GIVEN DATA:
***

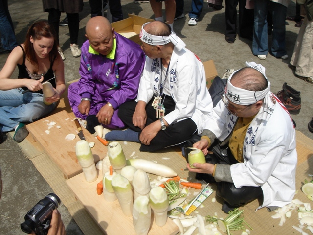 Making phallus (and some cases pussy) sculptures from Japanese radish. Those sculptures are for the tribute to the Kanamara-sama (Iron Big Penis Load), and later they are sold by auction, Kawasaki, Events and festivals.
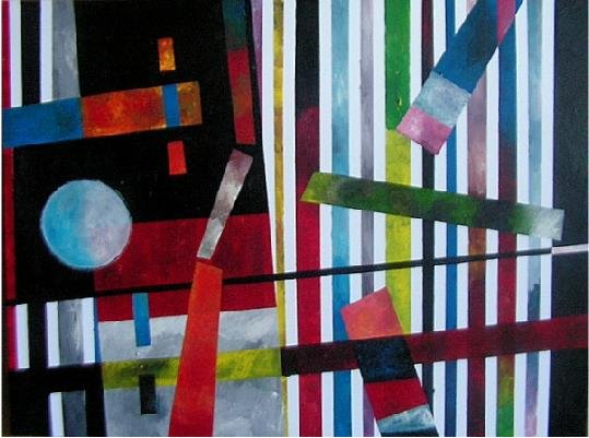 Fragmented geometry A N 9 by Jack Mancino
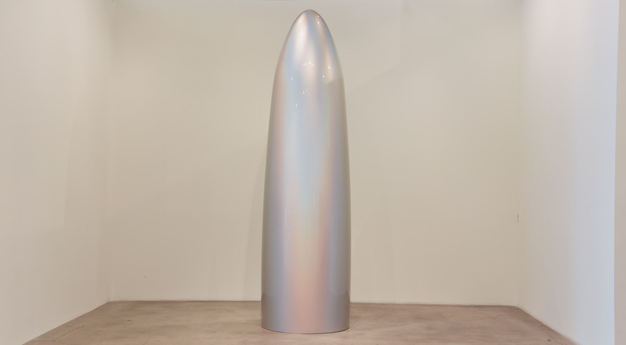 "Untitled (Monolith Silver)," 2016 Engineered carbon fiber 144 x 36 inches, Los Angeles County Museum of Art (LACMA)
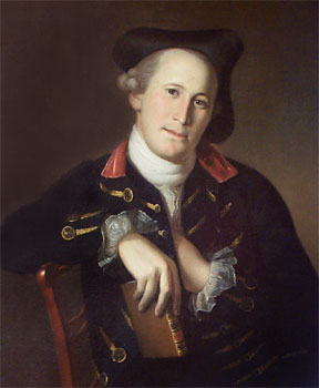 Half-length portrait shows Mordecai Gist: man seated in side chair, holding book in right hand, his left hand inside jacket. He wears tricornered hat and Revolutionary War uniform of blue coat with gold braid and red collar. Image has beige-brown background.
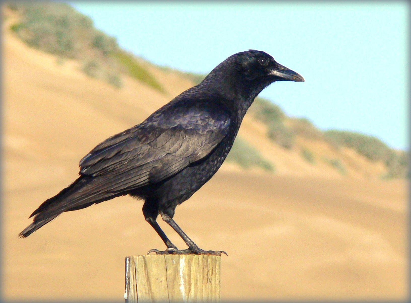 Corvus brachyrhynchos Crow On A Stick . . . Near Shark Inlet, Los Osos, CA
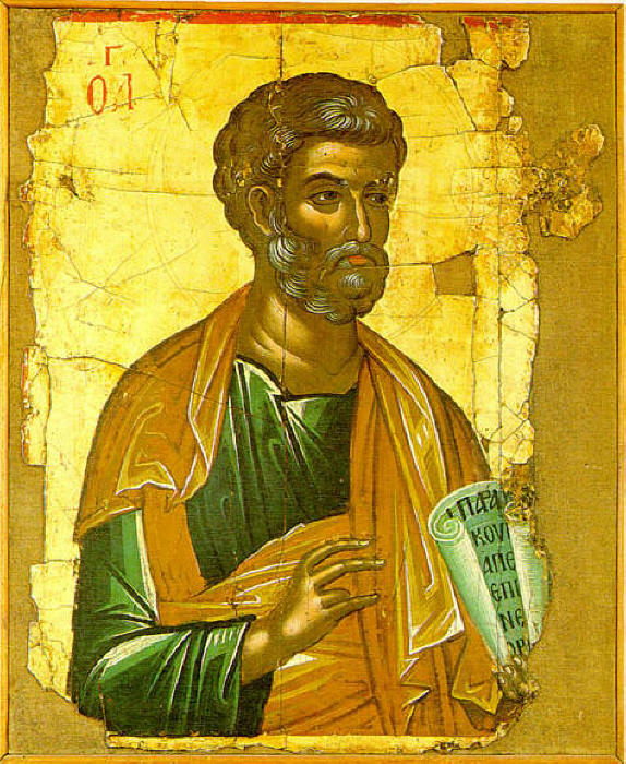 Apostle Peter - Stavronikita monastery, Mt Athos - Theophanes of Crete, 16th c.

***

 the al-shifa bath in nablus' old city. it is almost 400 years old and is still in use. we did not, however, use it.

***

EXERCISE DETAILS: The lines to copy exactly start with the line above that has "Making phallus (and" and go on through the line that has "of Art (LACMA)"; please include both, add nothing else, and omit the pictures.

RESPONSE:
 Making phallus (and some cases pussy) sculptures from Japanese radish. Those sculptures are for the tribute to the Kanamara-sama (Iron Big Penis Load), and later they are sold by auction, Kawasaki, Events and festivals.
 Fragmented geometry A N 9 by Jack Mancino
 "Untitled (Monolith Silver)," 2016 Engineered carbon fiber 144 x 36 inches, Los Angeles County Museum of Art (LACMA)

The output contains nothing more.